▸ **ABOUT THIS EXERCISE**
Please copy the listing that follows exactly, leaving out any pictures.

---------- SUPPLIED MATERIAL

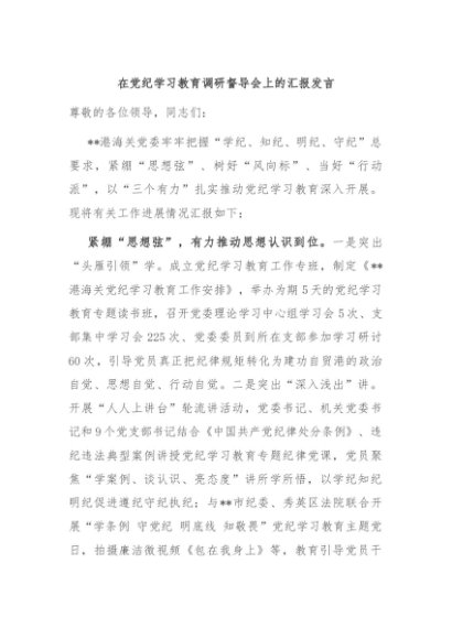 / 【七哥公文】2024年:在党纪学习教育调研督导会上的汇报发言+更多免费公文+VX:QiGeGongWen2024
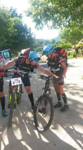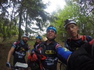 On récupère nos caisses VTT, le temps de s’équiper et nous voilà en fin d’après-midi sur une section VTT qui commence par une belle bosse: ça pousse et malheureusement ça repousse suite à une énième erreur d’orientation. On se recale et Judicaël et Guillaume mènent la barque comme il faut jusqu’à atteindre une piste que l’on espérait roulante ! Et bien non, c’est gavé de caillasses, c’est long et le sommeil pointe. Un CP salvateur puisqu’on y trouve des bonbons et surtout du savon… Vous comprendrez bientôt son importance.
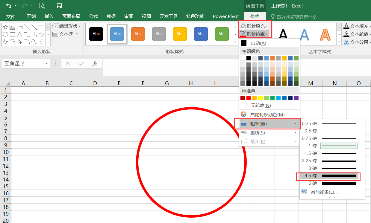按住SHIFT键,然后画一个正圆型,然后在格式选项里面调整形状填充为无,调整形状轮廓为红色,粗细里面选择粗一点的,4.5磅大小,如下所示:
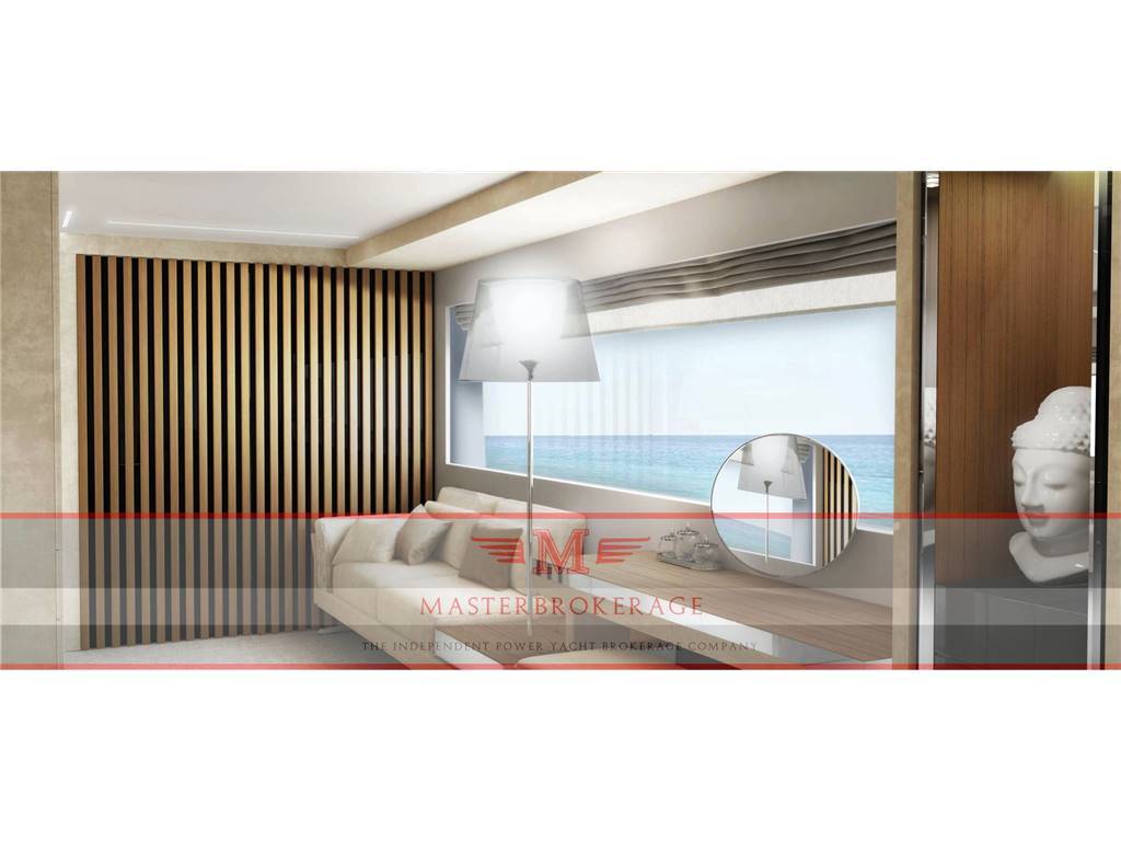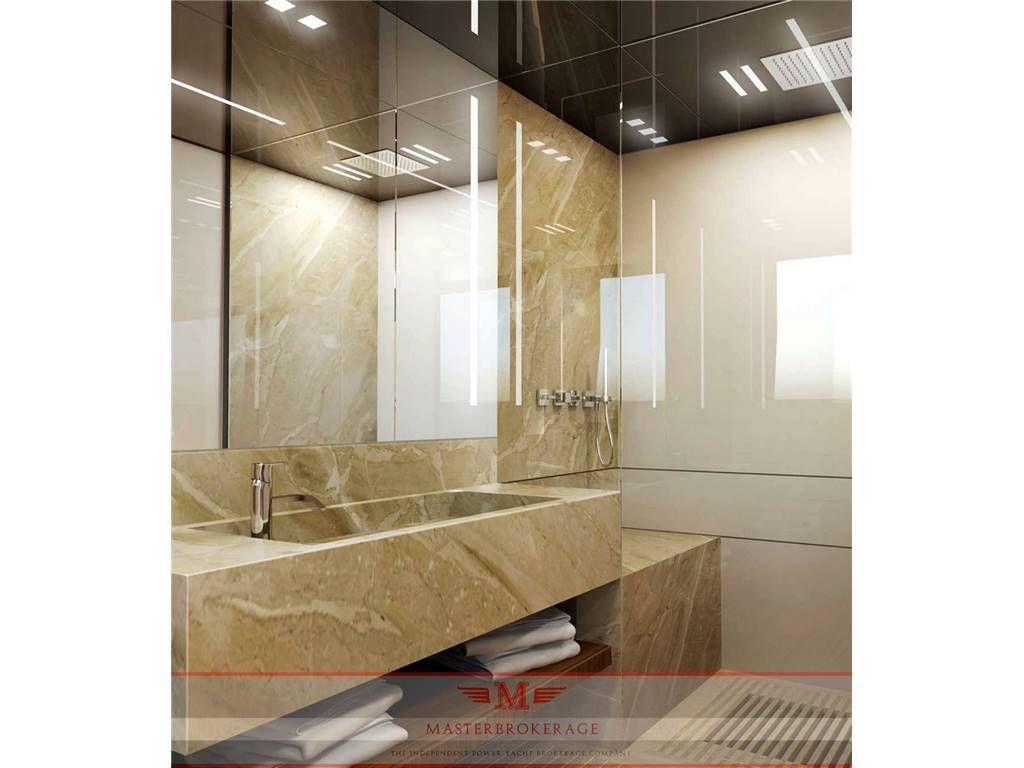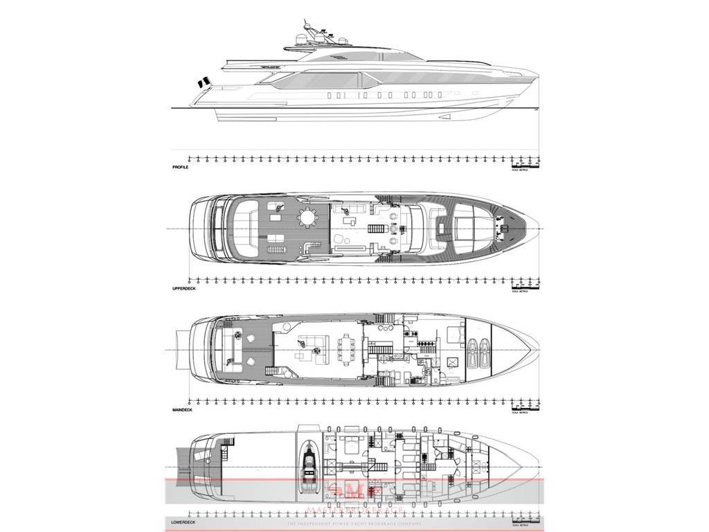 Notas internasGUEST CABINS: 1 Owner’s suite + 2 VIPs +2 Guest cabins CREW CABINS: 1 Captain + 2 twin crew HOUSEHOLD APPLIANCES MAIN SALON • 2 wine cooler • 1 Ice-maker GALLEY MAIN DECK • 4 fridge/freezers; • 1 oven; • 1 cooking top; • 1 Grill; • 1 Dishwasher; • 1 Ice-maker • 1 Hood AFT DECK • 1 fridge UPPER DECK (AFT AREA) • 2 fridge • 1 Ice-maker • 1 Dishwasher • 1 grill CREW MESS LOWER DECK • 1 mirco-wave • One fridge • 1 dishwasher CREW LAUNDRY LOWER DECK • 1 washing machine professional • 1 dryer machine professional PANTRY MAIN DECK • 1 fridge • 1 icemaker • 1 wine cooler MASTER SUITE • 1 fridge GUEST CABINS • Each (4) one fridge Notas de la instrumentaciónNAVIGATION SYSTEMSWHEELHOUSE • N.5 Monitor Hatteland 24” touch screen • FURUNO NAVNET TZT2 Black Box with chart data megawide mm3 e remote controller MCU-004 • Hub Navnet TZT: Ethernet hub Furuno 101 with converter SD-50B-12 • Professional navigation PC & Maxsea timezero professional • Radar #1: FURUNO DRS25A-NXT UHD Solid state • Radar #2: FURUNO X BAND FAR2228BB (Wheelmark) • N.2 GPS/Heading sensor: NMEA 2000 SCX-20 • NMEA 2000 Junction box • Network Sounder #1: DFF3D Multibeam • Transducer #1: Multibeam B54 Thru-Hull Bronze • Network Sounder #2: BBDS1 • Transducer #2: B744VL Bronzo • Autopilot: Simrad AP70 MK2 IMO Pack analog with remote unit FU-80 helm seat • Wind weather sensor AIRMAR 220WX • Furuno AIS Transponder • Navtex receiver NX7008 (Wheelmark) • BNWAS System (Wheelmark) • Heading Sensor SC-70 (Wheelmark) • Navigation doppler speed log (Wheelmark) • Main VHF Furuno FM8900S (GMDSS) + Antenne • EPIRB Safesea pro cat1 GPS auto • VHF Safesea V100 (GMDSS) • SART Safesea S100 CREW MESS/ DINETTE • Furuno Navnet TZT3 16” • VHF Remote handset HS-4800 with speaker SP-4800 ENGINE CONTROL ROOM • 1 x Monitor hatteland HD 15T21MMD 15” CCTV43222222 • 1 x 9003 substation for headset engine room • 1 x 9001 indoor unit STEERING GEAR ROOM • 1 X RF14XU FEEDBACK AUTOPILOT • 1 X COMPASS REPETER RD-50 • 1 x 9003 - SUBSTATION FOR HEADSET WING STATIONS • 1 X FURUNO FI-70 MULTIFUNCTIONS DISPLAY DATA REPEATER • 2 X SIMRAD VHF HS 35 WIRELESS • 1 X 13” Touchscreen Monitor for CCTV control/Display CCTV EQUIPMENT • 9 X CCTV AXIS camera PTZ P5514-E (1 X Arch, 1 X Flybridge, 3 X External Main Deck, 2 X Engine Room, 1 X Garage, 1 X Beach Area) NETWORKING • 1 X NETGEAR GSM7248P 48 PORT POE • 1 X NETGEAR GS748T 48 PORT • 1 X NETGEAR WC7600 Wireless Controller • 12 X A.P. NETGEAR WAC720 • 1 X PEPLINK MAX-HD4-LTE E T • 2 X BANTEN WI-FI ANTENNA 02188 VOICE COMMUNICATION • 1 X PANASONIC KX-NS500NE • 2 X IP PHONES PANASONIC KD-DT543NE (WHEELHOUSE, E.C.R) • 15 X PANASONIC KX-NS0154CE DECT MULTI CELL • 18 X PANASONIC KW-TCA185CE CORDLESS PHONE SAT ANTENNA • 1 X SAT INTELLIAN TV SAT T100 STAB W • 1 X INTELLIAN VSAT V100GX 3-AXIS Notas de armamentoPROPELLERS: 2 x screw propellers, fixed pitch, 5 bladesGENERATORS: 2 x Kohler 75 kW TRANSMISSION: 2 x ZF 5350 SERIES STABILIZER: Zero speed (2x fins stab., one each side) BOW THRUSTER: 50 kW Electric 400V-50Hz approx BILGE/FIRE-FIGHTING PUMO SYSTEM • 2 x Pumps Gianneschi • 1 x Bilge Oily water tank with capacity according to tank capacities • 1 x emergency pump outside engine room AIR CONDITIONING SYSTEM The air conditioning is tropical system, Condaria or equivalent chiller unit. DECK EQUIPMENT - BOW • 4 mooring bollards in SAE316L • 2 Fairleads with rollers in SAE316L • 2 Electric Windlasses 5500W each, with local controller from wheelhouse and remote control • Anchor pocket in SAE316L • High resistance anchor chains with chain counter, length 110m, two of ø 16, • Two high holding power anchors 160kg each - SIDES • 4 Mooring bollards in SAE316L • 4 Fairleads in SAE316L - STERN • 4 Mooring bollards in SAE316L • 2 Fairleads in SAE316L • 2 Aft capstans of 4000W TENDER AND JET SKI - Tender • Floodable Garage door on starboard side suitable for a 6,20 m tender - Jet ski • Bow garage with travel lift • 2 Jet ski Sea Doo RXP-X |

--------------------

▸ **COMPLETED TASK**
 / 【七哥公文】2024年:在党纪学习教育调研督导会上的汇报发言+更多免费公文+VX:QiGeGongWen2024
 On récupère nos caisses VTT, le temps de s’équiper et nous voilà en fin d’après-midi sur une section VTT qui commence par une belle bosse: ça pousse et malheureusement ça repousse suite à une énième erreur d’orientation. On se recale et Judicaël et Guillaume mènent la barque comme il faut jusqu’à atteindre une piste que l’on espérait roulante ! Et bien non, c’est gavé de caillasses, c’est long et le sommeil pointe. Un CP salvateur puisqu’on y trouve des bonbons et surtout du savon… Vous comprendrez bientôt son importance.
按住SHIFT键,然后画一个正圆型,然后在格式选项里面调整形状填充为无,调整形状轮廓为红色,粗细里面选择粗一点的,4.5磅大小,如下所示:
 Notas internasGUEST CABINS: 1 Owner’s suite + 2 VIPs +2 Guest cabins CREW CABINS: 1 Captain + 2 twin crew HOUSEHOLD APPLIANCES MAIN SALON • 2 wine cooler • 1 Ice-maker GALLEY MAIN DECK • 4 fridge/freezers; • 1 oven; • 1 cooking top; • 1 Grill; • 1 Dishwasher; • 1 Ice-maker • 1 Hood AFT DECK • 1 fridge UPPER DECK (AFT AREA) • 2 fridge • 1 Ice-maker • 1 Dishwasher • 1 grill CREW MESS LOWER DECK • 1 mirco-wave • One fridge • 1 dishwasher CREW LAUNDRY LOWER DECK • 1 washing machine professional • 1 dryer machine professional PANTRY MAIN DECK • 1 fridge • 1 icemaker • 1 wine cooler MASTER SUITE • 1 fridge GUEST CABINS • Each (4) one fridge Notas de la instrumentaciónNAVIGATION SYSTEMSWHEELHOUSE • N.5 Monitor Hatteland 24” touch screen • FURUNO NAVNET TZT2 Black Box with chart data megawide mm3 e remote controller MCU-004 • Hub Navnet TZT: Ethernet hub Furuno 101 with converter SD-50B-12 • Professional navigation PC & Maxsea timezero professional • Radar #1: FURUNO DRS25A-NXT UHD Solid state • Radar #2: FURUNO X BAND FAR2228BB (Wheelmark) • N.2 GPS/Heading sensor: NMEA 2000 SCX-20 • NMEA 2000 Junction box • Network Sounder #1: DFF3D Multibeam • Transducer #1: Multibeam B54 Thru-Hull Bronze • Network Sounder #2: BBDS1 • Transducer #2: B744VL Bronzo • Autopilot: Simrad AP70 MK2 IMO Pack analog with remote unit FU-80 helm seat • Wind weather sensor AIRMAR 220WX • Furuno AIS Transponder • Navtex receiver NX7008 (Wheelmark) • BNWAS System (Wheelmark) • Heading Sensor SC-70 (Wheelmark) • Navigation doppler speed log (Wheelmark) • Main VHF Furuno FM8900S (GMDSS) + Antenne • EPIRB Safesea pro cat1 GPS auto • VHF Safesea V100 (GMDSS) • SART Safesea S100 CREW MESS/ DINETTE • Furuno Navnet TZT3 16” • VHF Remote handset HS-4800 with speaker SP-4800 ENGINE CONTROL ROOM • 1 x Monitor hatteland HD 15T21MMD 15” CCTV43222222 • 1 x 9003 substation for headset engine room • 1 x 9001 indoor unit STEERING GEAR ROOM • 1 X RF14XU FEEDBACK AUTOPILOT • 1 X COMPASS REPETER RD-50 • 1 x 9003 - SUBSTATION FOR HEADSET WING STATIONS • 1 X FURUNO FI-70 MULTIFUNCTIONS DISPLAY DATA REPEATER • 2 X SIMRAD VHF HS 35 WIRELESS • 1 X 13” Touchscreen Monitor for CCTV control/Display CCTV EQUIPMENT • 9 X CCTV AXIS camera PTZ P5514-E (1 X Arch, 1 X Flybridge, 3 X External Main Deck, 2 X Engine Room, 1 X Garage, 1 X Beach Area) NETWORKING • 1 X NETGEAR GSM7248P 48 PORT POE • 1 X NETGEAR GS748T 48 PORT • 1 X NETGEAR WC7600 Wireless Controller • 12 X A.P. NETGEAR WAC720 • 1 X PEPLINK MAX-HD4-LTE E T • 2 X BANTEN WI-FI ANTENNA 02188 VOICE COMMUNICATION • 1 X PANASONIC KX-NS500NE • 2 X IP PHONES PANASONIC KD-DT543NE (WHEELHOUSE, E.C.R) • 15 X PANASONIC KX-NS0154CE DECT MULTI CELL • 18 X PANASONIC KW-TCA185CE CORDLESS PHONE SAT ANTENNA • 1 X SAT INTELLIAN TV SAT T100 STAB W • 1 X INTELLIAN VSAT V100GX 3-AXIS Notas de armamentoPROPELLERS: 2 x screw propellers, fixed pitch, 5 bladesGENERATORS: 2 x Kohler 75 kW TRANSMISSION: 2 x ZF 5350 SERIES STABILIZER: Zero speed (2x fins stab., one each side) BOW THRUSTER: 50 kW Electric 400V-50Hz approx BILGE/FIRE-FIGHTING PUMO SYSTEM • 2 x Pumps Gianneschi • 1 x Bilge Oily water tank with capacity according to tank capacities • 1 x emergency pump outside engine room AIR CONDITIONING SYSTEM The air conditioning is tropical system, Condaria or equivalent chiller unit. DECK EQUIPMENT - BOW • 4 mooring bollards in SAE316L • 2 Fairleads with rollers in SAE316L • 2 Electric Windlasses 5500W each, with local controller from wheelhouse and remote control • Anchor pocket in SAE316L • High resistance anchor chains with chain counter, length 110m, two of ø 16, • Two high holding power anchors 160kg each - SIDES • 4 Mooring bollards in SAE316L • 4 Fairleads in SAE316L - STERN • 4 Mooring bollards in SAE316L • 2 Fairleads in SAE316L • 2 Aft capstans of 4000W TENDER AND JET SKI - Tender • Floodable Garage door on starboard side suitable for a 6,20 m tender - Jet ski • Bow garage with travel lift • 2 Jet ski Sea Doo RXP-X |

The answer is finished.